PARIS: Soixante-cinq personnes ont été placées en garde à vue après des incidents jeudi soir à Paris, impliquant des supporters de l'OGC Nice, qui ont fait six blessés, dont un grièvement.

Une centaine de supporters de Nice, qui affronte Lens en finale de la Coupe de France de football vendredi à 21H00 au Stade de France, se sont réunis vers 23H30 dans le Xe arrondissement, dans l'est de la capitale, "cherchant manifestement à en découdre", selon la Préfecture de police à l'AFP.

Ces supporters niçois ont déambulé le long du Canal Saint-Martin et une importante rixe a éclaté quai de Valmy "pour un motif ignoré à ce stade". Six personnes ont été blessées, dont une grièvement.

Les forces de l'ordre sont intervenues et ont procédé à l'interpellation de 65 personnes qui ont été placées en garde à vue "notamment pour participation à un groupement en vue de commettre des violences", précise encore la PP.

Des armes blanches et armes par destination ont été découvertes ainsi que des cagoules et gants coqués.

Selon une autre source policière, un couteau à pain avec une lame de 20 cm et des traces de sang ont été également découverts au sol dans une rue du Xe arrondissement.
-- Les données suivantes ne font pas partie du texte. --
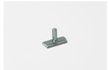
Nutenstein mit Gewindebolzen
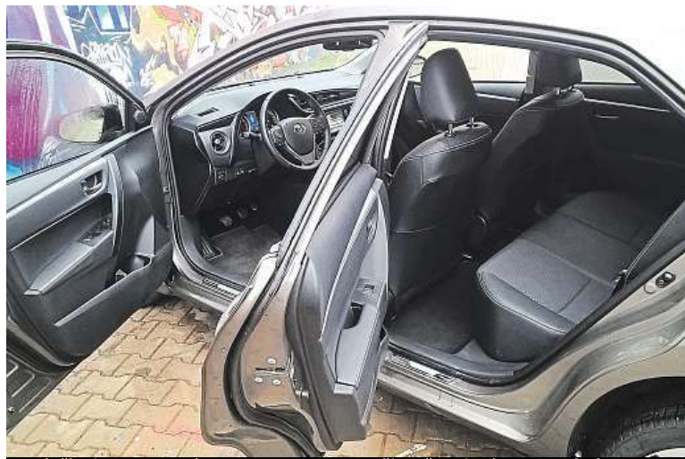
Sedačka je nastavená na 190cm postavu. Všimněte si místa na nohy!
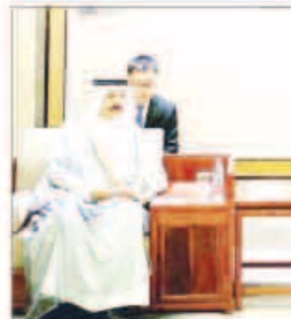
فونغ قائم مع حيات

بكين - "كونا" : أكد مسؤول صيني أمس حرص بلاده على تعزيز العلاقات التاريخية الاستراتيجية القائمة بين الصين والكويت في إطار تنفيذ توجيهات سمو أمير البلاد الشيخ صباح الأحمد والرئيس الصيني شي جين بينغ. جاء ذلك خلال اجتماع الأمين العام للجنة البلدية المركزية للحزب الشيوعي الصيني الحاكم في مدينة (تايبان) بمحاضرة (شوندونغ) تسوي فونغ قائم مع سفير الكويت لدى الصين سمح حيات على هامش مشاركته في منتدى التعاون الاستراتيجي الدولي والفتاح مهرجان مسابقة نسق جبل (تشانان) الدولي الدورة الـ 33 في (تايبان) بدعوة من الحكومة الصينية. وقال فونغ قائم ان لمة إمكانات هائلة لتطوير العلاقات الاستراتيجية التاريخية القائمة بين البلدين مشيراً إلى ان الرئيس الصيني وسمو أمير البلاد التقياً عدة مرات ورسم خارطة الطريق لتطوير العلاقات الثنائية والنهوض بها. ودعا إلى ضرورة الإسراع في تنفيذ التوافق الذي توصلت إليه قيادات البلدين وتعميق الثقة السياسية المتبادلة وتعزيز أوجه
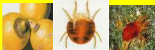
Ragnetto rosso ( Tetranychus urticae. )

Consorzio di Tutela e Valorizzazione del Limone di Rocca Imperiale (CS)
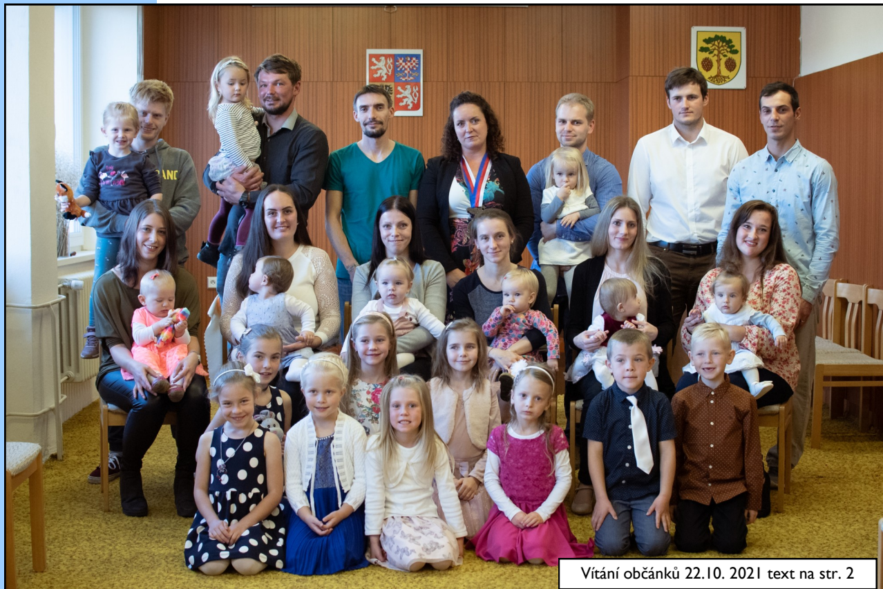
Vítání občánků 22.10. 2021 text na str. 2
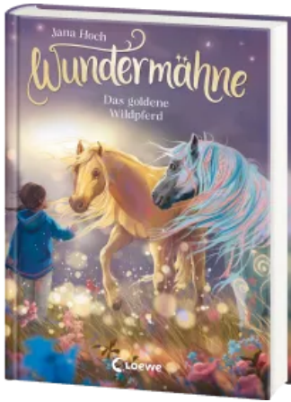
Wundermähne (Band 4) - Das goldene Wildpferd Hardcover
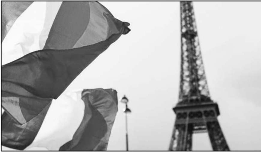
El presidente Emmanuel Macron, presidió una reunión con su consejo de defensa respecto a lo ocurrido en Moscú y sus consecuencias.

La votación sobre el presupuesto del Estado federal también tuvo su dosis de emoción, cuando la congresista Marjorie Taylor Greene presentó una "moción" para destituir al presidente de la Cámara.
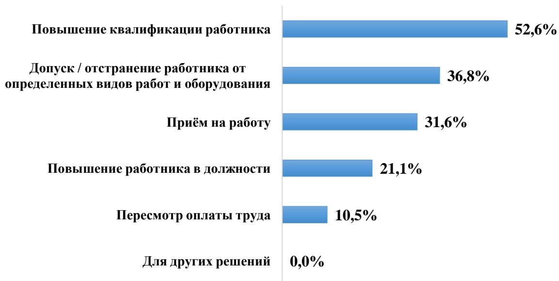
Рисунок 6. Распределение ответов на вопрос «Как Вы используете / Для принятия каких решений Вы могли бы использовать результаты независимой оценки квалификации? (в %)»

При этом работодатели отмечают, что могли бы использовать результаты независимой оценки квалификации для принятия решений.
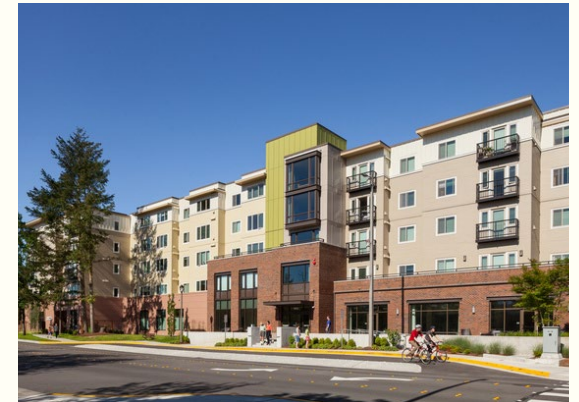
John Gabriel House - Redmond, WA. 40-60% ami
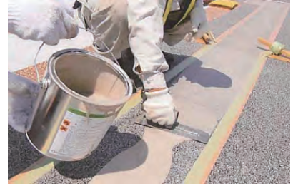
3. 専用接着剤の塗布・下塗り(シゴキ)
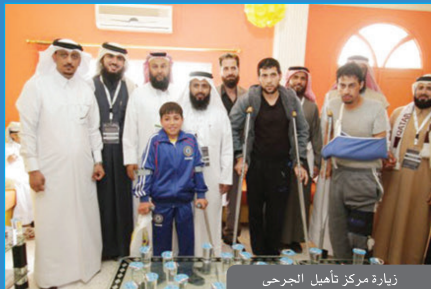
زيارة مركز تأهيل الجرحى
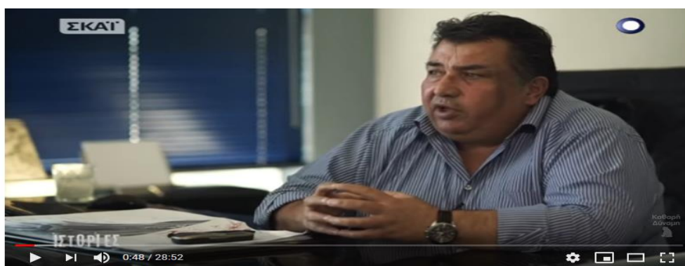
Αγία Ζώνη II: Η έλλειψη κρατικού ελέγχου, οι ευθύνες & οι πλωτές βόμβες στις ΙΣΤΟΡΙΕΣ (31/10/17)

13. Τέλλογλου προς Κουντούρη (Video 2) 00:51 λ : Κάνατε μια σύμβαση (LOF), τι είναι αυτό το (LOF) συμβόλαιο που υπογράψατε με τον κ. Σπανόπουλο;
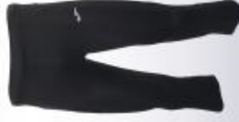
Legging 3/4 : 19€
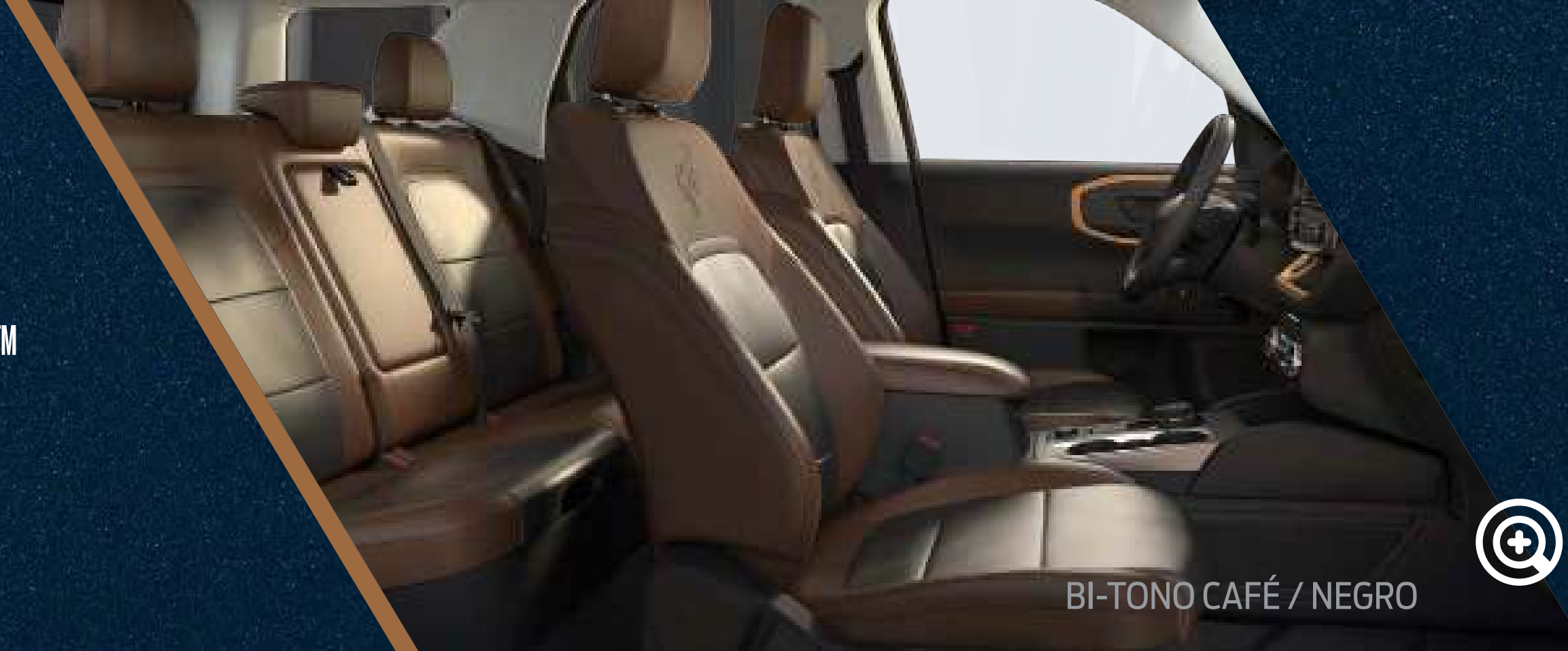
BI-TONO CAFÉ / NEGRO
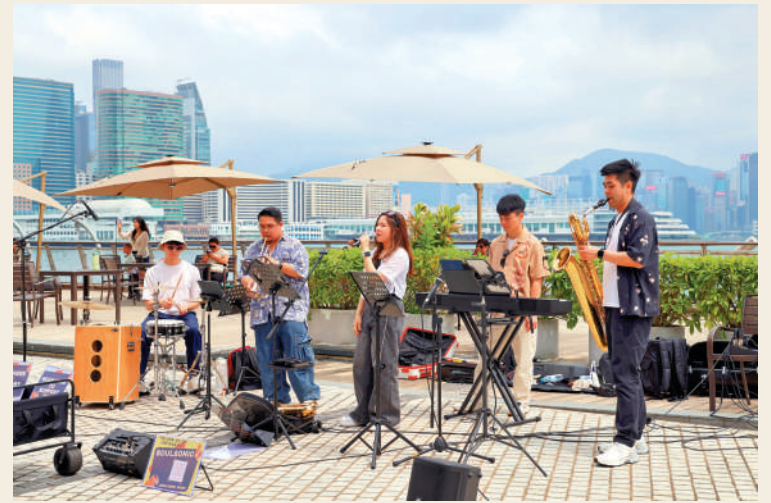
五月一日，香港西九文化區藝術公園及海濱長廊迎來大批市民與遊客。

少年們的快樂便是這樣，不依附於任何理由而存在，它就是我們自己。我們生來就如璀璨的夏日之花，不凋不敗，妖冶如火。風吹來是快樂，雨絲瀟瀟也是快樂，誰買了一根冰棒幾個人分着吃更是快樂。所有的夏天都叫少年，所有的少年都以為自己的夏天不會過完。這就是青春的模樣，也是那個年紀最動人的風景。五四，立夏，憶少年，不似少年是少年。縱然白了鬢髮，而少年們的夏天，早已化作照亮前路星光，並把夢想種進時光，少年不倒，青春無悔！
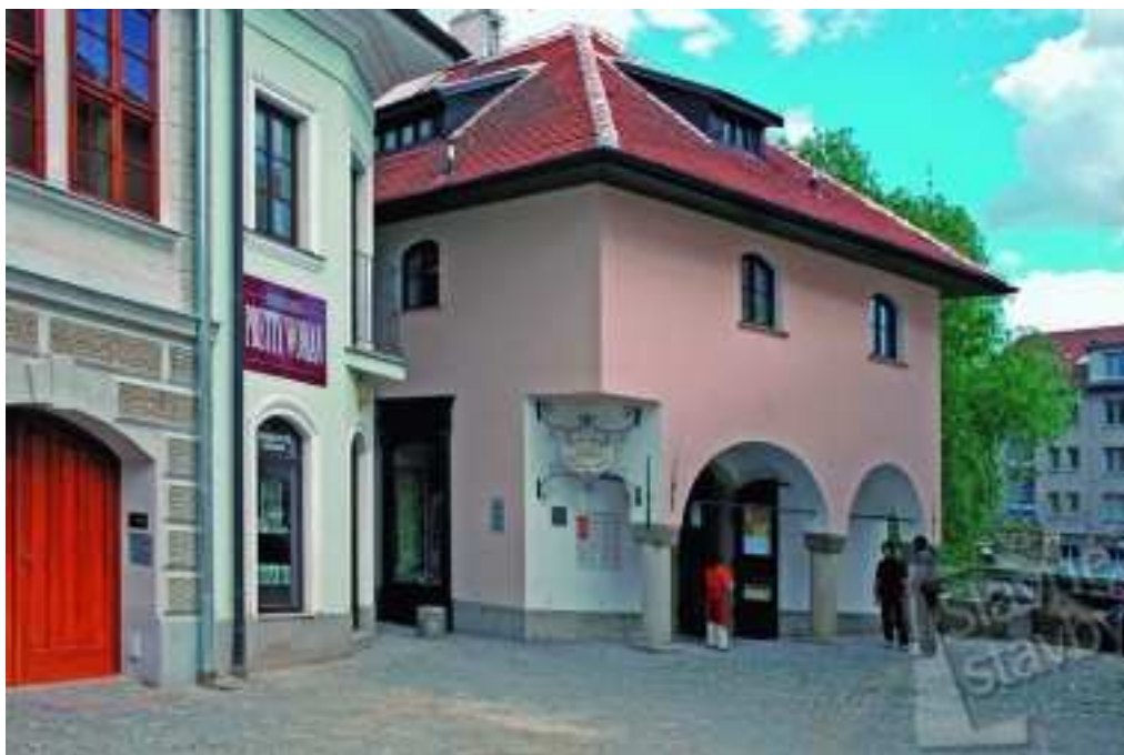
Obr. 1 – židovská brána

Židovskou bránu představoval rozlehlý domovní komplex v jihozápadním rohu ghetta, kterým procházel klenutý průchod. Tento židovský dům se jako jediný nacházel na samém rozhraní židovského a křesťanského prostředí 109 .
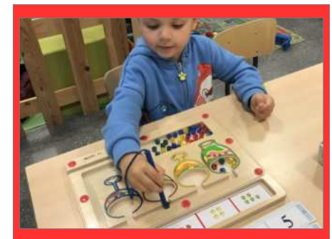
Seizoenenspeeltijd in K2
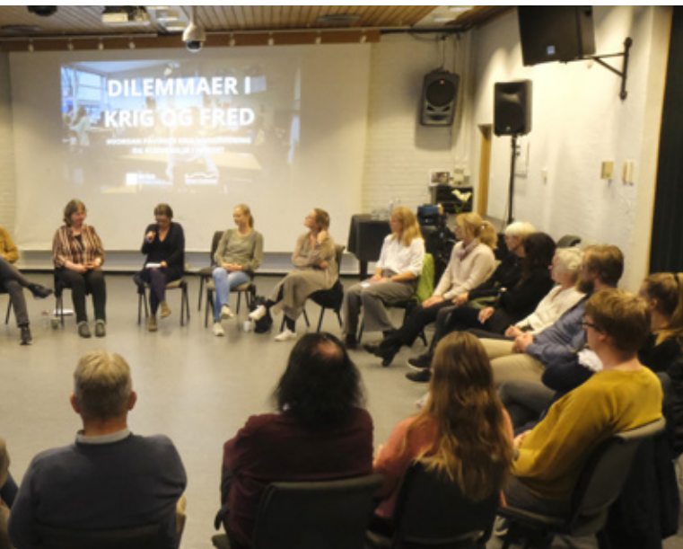
Jubileumskonferansen på Lillehammer ble avrundet med folkedialog.
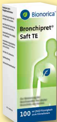
Bronchipret ® Saft TE 100 ml
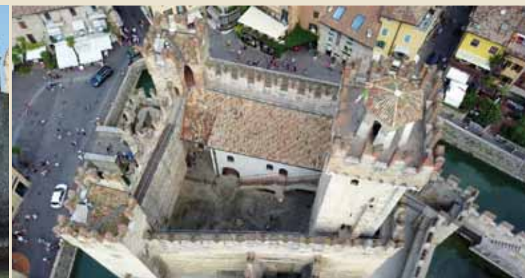
5. De centrale binnenplaats

De centrale binnenplaats , vroeger gebruikt als plein voor militaire oefeningen, wordt goed beschermd door de drie torens en de donjon . (Afb. 4) Deze laatste, oorspronkelijk de woning van de kasteelheer, wordt geflankeerd door de slaapzalen voor soldaten, cassero genoemd. De twee gebouwen zijn nauw met elkaar verbonden om de troepen in staat te stellen zich snel naar de weergang, of omloop, te begeven. (Afb. 5)
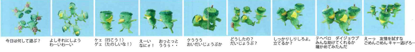
今日は何して遊ぶ? よしそれにしようわーいわーい ケエ(行こう!)ゲエ(たのしいな!) えーい なにオ! おっととつうらう... クラウラ おいだじょうぶか どうしたの? だじょうぶ? しっかりしりろよ。立てるか? テヘペロ ダイジョーブ みんな助けてくれるか 確かめてみたんだ えーっ 友情を試すな ごめんごめん キャー逃げろー
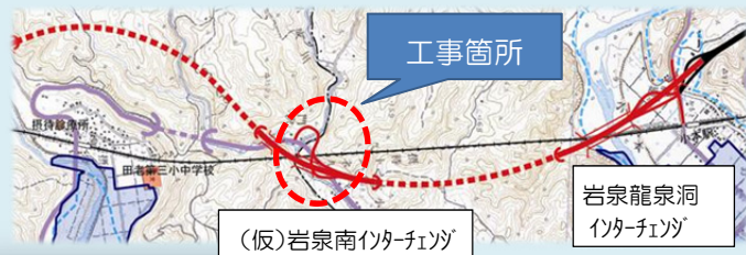
(仮)岩泉南インターチェンジ

国道45号に近接した工事現場で、盛土作業と並行して擁壁工(プレキャストL型擁壁、補強土壁)を施工しますので、安全第一に努め“ゼロ災職場”を目指し工事完成に尽くします。
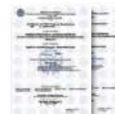
TESDA (NTR No. 201907220060)
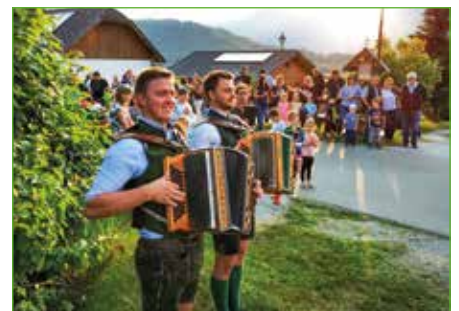
Ausgezeichnete Stimmung beim Maibaumumschneiden der FF Niederöblarn
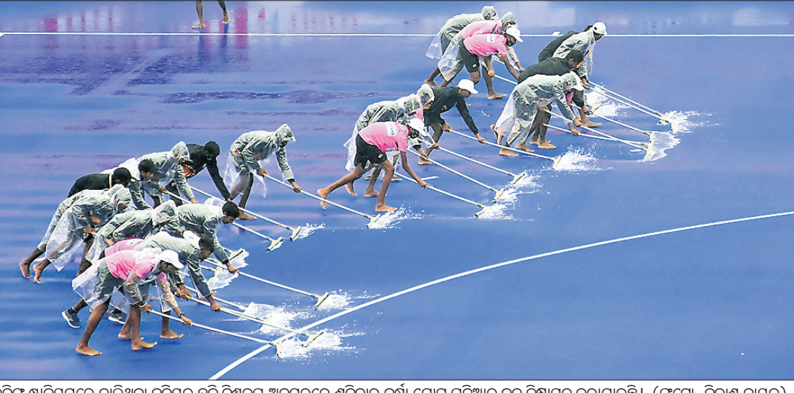
କଳିଙ୍ଗ ଷ୍ଟାଡ଼ିୟମରେ ଚାଲିଥିବା ଜୁନିୟର ହକି ବିଶ୍ୱକପ ଅବସରରେ ଶନିବାର ବର୍ଷା ଯୋଗୁ ପଡ଼ିଆକୁ ଜଳ ନିଷାସନ କରାଯାଇଛି ।
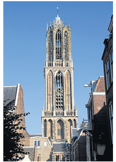
Tour de la cathédrale Dom d'Utrecht

R Le Wilhelmina Park. L'été, familles et groupes d'amis viennent se prélasser sur la pelouse, y
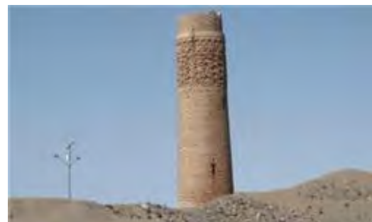
(شکل شماره ۴، میل نادری، از سایت (www.hamgardi.com)
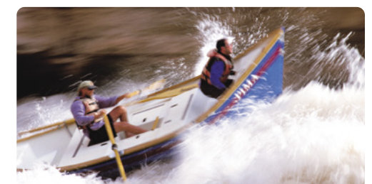
Rápidos en el río Colorado
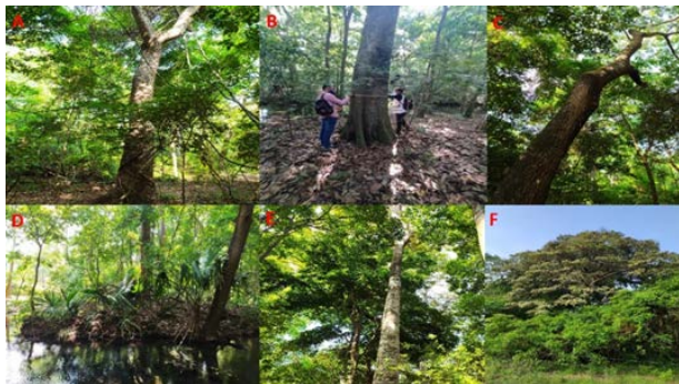
Figura 4. Flora. A. Cieba. B. Higuierón. C. Algarrobito. D. Palma grata. E. Lechoncito. F. Piñón.

las condiciones de suelo permiten la presencia de una vegetación de tipo arbórea (Corporación Autónoma Regional de La Guajira – CORPOGUAJIRA, 2015).
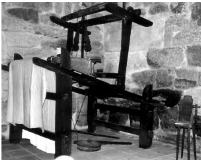
O tear, enxeño e arte en movemento.

O fiadeiro era o contraponto do tear. Nel eran frecuentes brincadeiras e desafíos; escola de vida e romaría , era visitado asiduamente por mozos rexou-
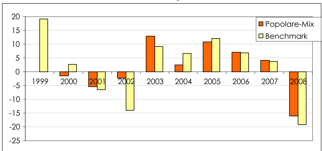
Rendimento annuo del Comparto e del benchmark

Il rendimento del comparto e del benchmark sono riportate al netto degli oneri fiscali.
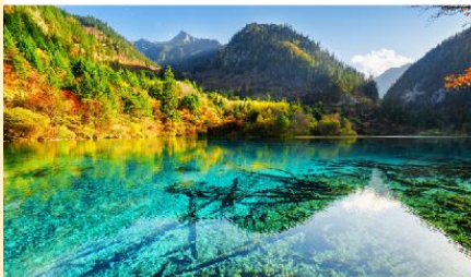
อุทยานแห่งชาติจิวจ้ายโกว
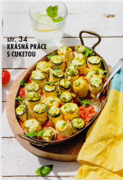
str. 34 KRÁSNÁ PRÁCE S CUKETOU
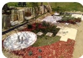
Découverte de l'Espace Vert
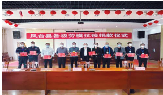
劳模捐款助力抗疫
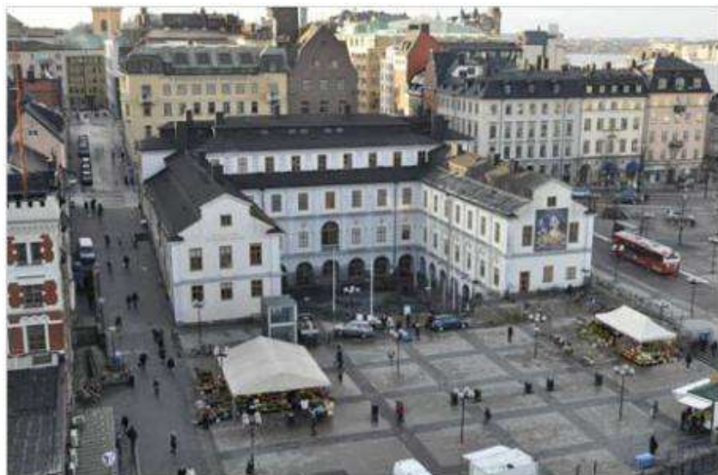
Södra stadshuset vid Ryssgården

Fastighetskontoret har i samarbete med kulturförvaltningen genomfört en sammanvägd bedömning av det framtida investeringsbehovet för Stadsbiblioteket, Stockholms stadsmuseum och Medborgarhuset kopplat till verksamheternas lokalbehov och byggnadernas tekniska status, vilket resulterade i ett reviderat utredningsbeslut i Fastighetsnämnden 2013-03-05 samt i Kulturnämnden 2013-03-11.
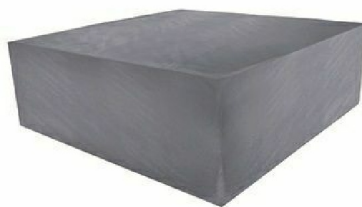
RK5148: Copertura leggera per Quadrat free standing / Light cover for free standing Quadrat pool.
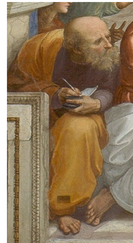
Imagem: Anaximandro, recorte de “Escola de Atenas” / Rafael Sanzio / Public domain.

Atribuem-se-lhe múltiplas investigações e a afirmação de que a Terra é esférica.
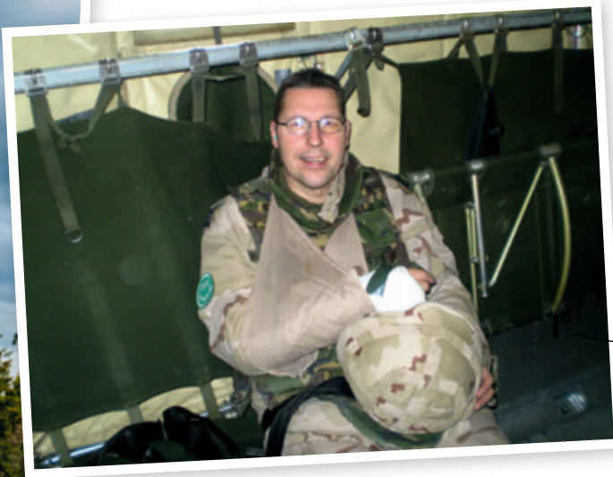
Eerste Kerstdag 2011, met een gebroken arm vliegend in Afghanistan, op weg naar de hoofdstad Kabul.

van alles gebeurt. Ik doe dat als christen. Ik doe dat als gelovig mens voor wie heel het leven zich afspeelt voor het aangezicht van God.
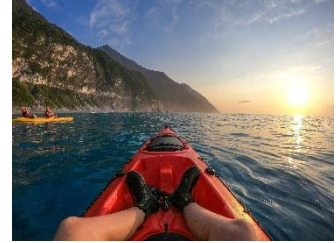
清水斷崖 | 海上獨木舟

Toujours selon cette source, certaines victimes n'auraient aucun lien avec le milieu du supporterisme, il s'agirait de simples badauds.

Sur les réseaux sociaux, des vidéos amateurs montrent des personnes masquées s'en prenant à un bar du quartier, L'Atmosphère, jetant notamment des chaises contre la devanture.

"Tout ce qu'on n'aime pas" 

"Ce sont des groupes certainement marginaux car l'essentiel des supporters niçois doit arriver aujourd'hui à Paris", a assuré le président de la Fédération française de football Philippe Diallo sur France Info. "On est dans tout ce qu'on n'aime pas dans le football, c'est-à-dire de la violence, alors même qu'une finale de Coupe de France, c'est la fête...".

Le maire du XIe arrondissement, David Belliard, a dénoncé sur son compte X "un cortège de militants d'extrême droite en plein Paris, qui se battent et sont violents".

"Ces gens n'ont rien à faire là. Nous ne voulons ni d'eux, ni de leur idéologie raciste ici", a ajouté l'élu écologiste.

Classée à risque en raison de l'animosité entre les supporters de Nice et ceux du PSG, cette finale de Coupe de France fait l'objet d'un important dispositif, avec plus de 2.000 policiers prévus.

La préfecture de Seine-Saint-Denis a également décidé d'interdire la vente de boissons alcoolisées sur place et aux abords immédiats du Stade de France, ainsi que leur consommation sur la voie publique.

Le RC Lens, qui a terminé 2e du championnat derrière le Paris Saint-Germain, peut écrire l'une des plus belles pages de son histoire en remportant sa première Coupe de France.

De son côté, Nice tentera avant tout de reprendre confiance quelques jours avant des barrages décisifs pour son maintien en Ligue 1, contre Saint-Etienne.